A recent study released by Caltech and a quantum startup indicates that protecting Bitcoin and Ethereum wallets with cryptography might only require about 10k physical qubits to break, far below the earlier estimate of hundreds of thousands. This significant reduction in the required number is quite astonishing.

Specifically, if a neutral atom quantum computer is configured with 26,000 qubits, it could theoretically crack the ECC-256 encryption standard in about 10 days, which currently protects major blockchain systems. Meanwhile, RSA-2048 (used by financial institutions to secure Web2 platforms) would require approximately 102,000 qubits and around three months to break.

Interestingly, this research is based on Google's quantum circuit design, but the team found that running the same cracking algorithm on a neutral atom setup would require roughly 1/50th of the qubits estimated by Google.

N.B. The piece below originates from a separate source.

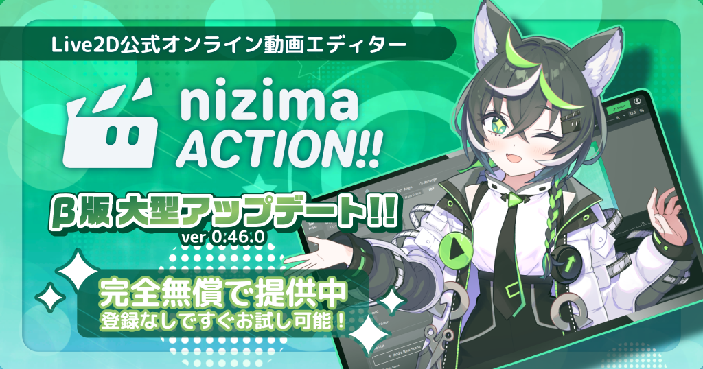 2Dアニメ表現技術Live2Dを開発する株式会社Live2Dは8日、オンライン動画エディター「nizima ACTION!! β版」を大幅アップデートし、登録・ログイン不要でURLからすぐ動画編集を試せる匿名ログイン機能を実装しました。あわせて効果音素材を1300点以上追加し、トラッキングソフト「VTube Studio」との連携にも対応しました。

This means the cost and difficulty for quantum computers to achieve encryption-breaking capabilities are rapidly decreasing.

Data over the past two decades shows that the estimated number of physical qubits needed to run Shor's algorithm (a quantum method for cracking public-key encryption) has dropped from about one billion in 2012 to just over 10,000 today—a five-order-of-magnitude reduction.

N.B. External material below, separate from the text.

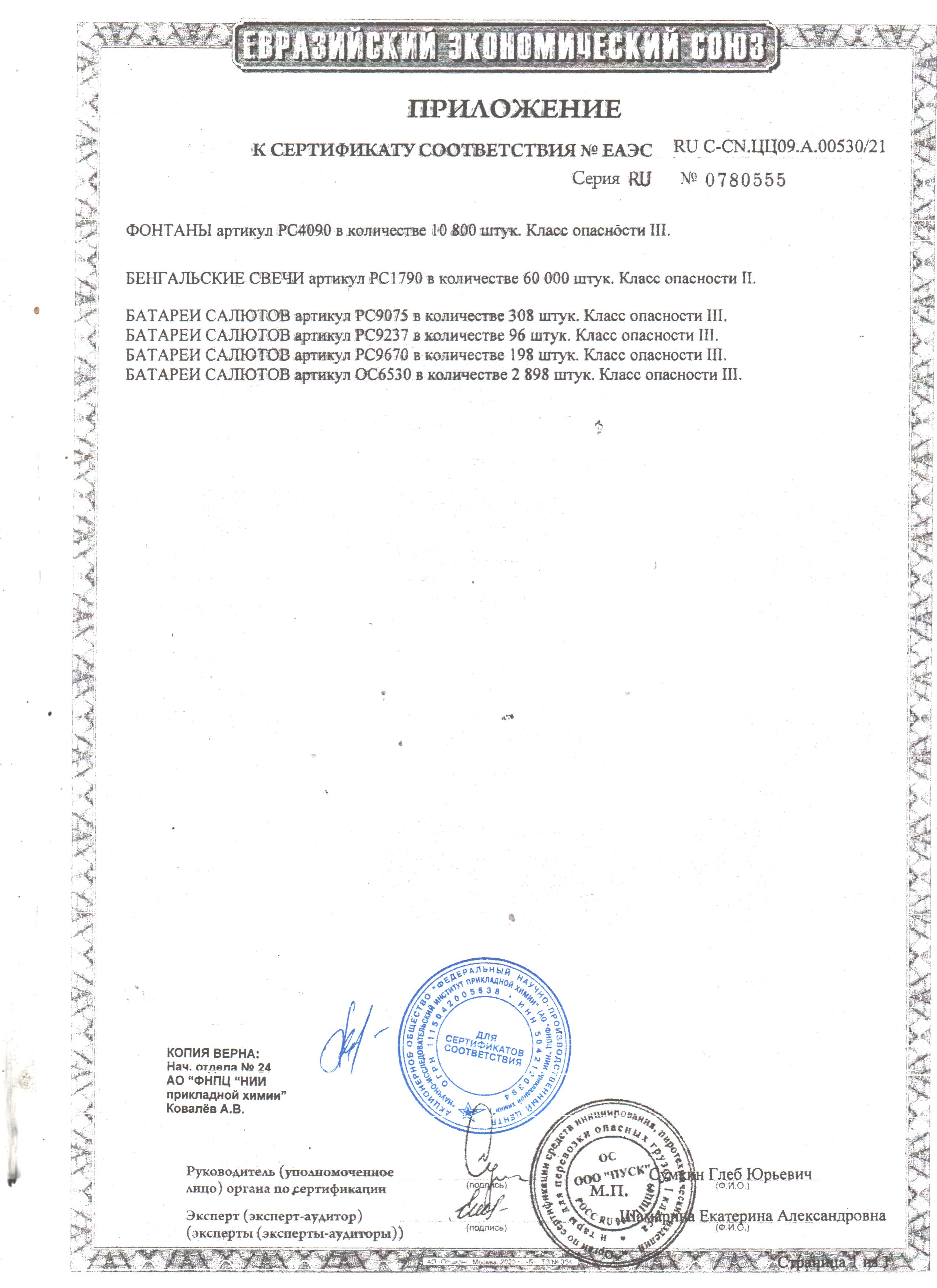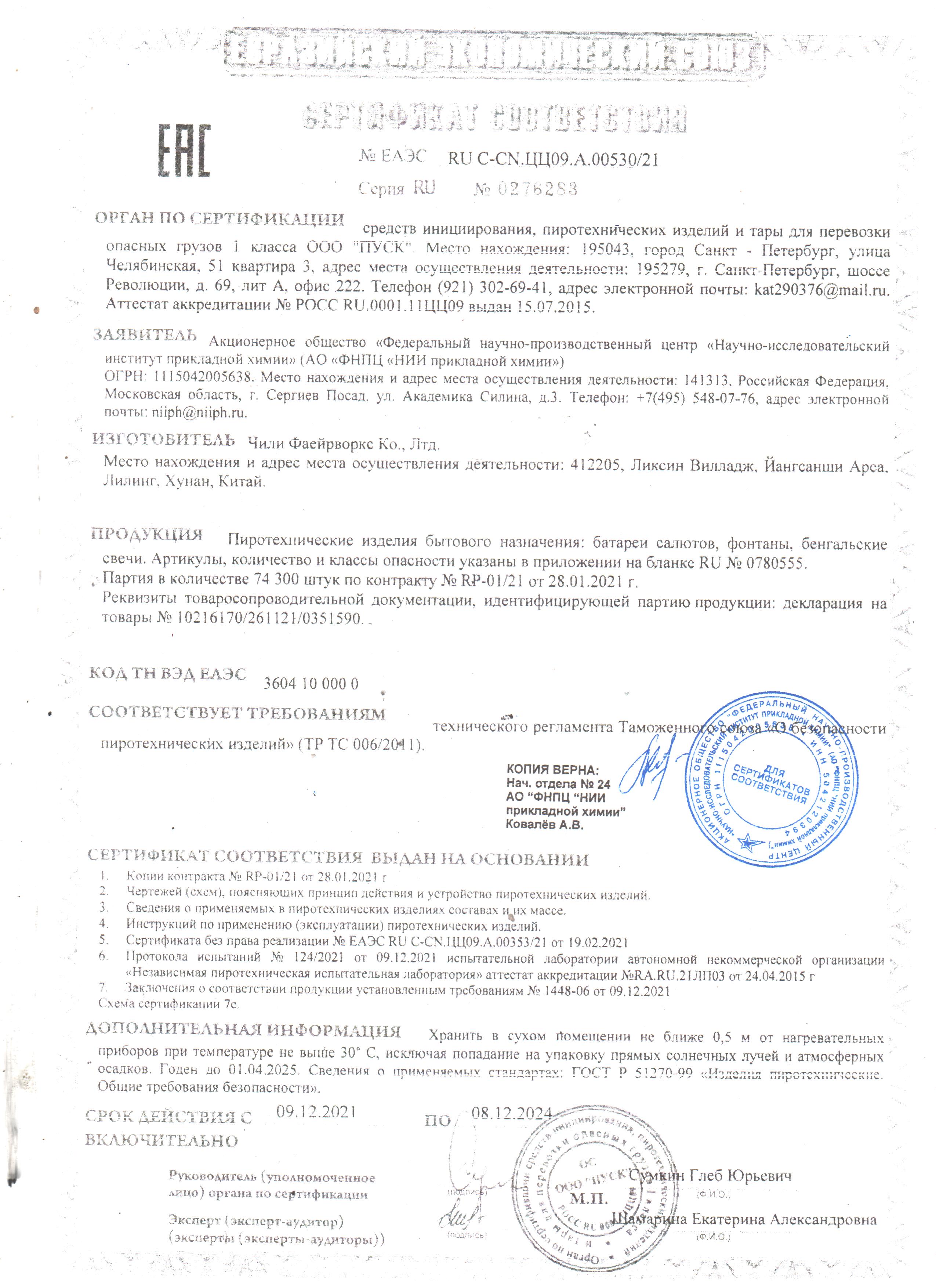 Магазин фейерверков ББ-Салют предоставляет гарантию на весь ассортимент интернет-магазина и розничных магазинов ББ-Салют! Мы торгуем пиротехникой самых лучших, проверенных торговых марок. Все изделия сертифицированы для продажи на территории России и имеют актуальный срок годности.

Currently, Bitcoin is valued at around $73.1K, and Ethereum at $2.25K. Although, based on this research, 26,000 qubits would take 10 days to crack ECC-256, this time window might not be sufficient for a quantum computer to perform "precomputation" attacks during real-time transactions. However, for funds stored in vulnerable addresses, including an estimated 6.9 million BTC in early wallets and assets in reused addresses, the long-term risk remains.

The question now is no longer whether quantum computers can crack encryption, but whether the cryptocurrency industry can migrate to quantum-resistant cryptography before the cost of quantum attacks becomes "affordable." This window of opportunity might be tighter than we think.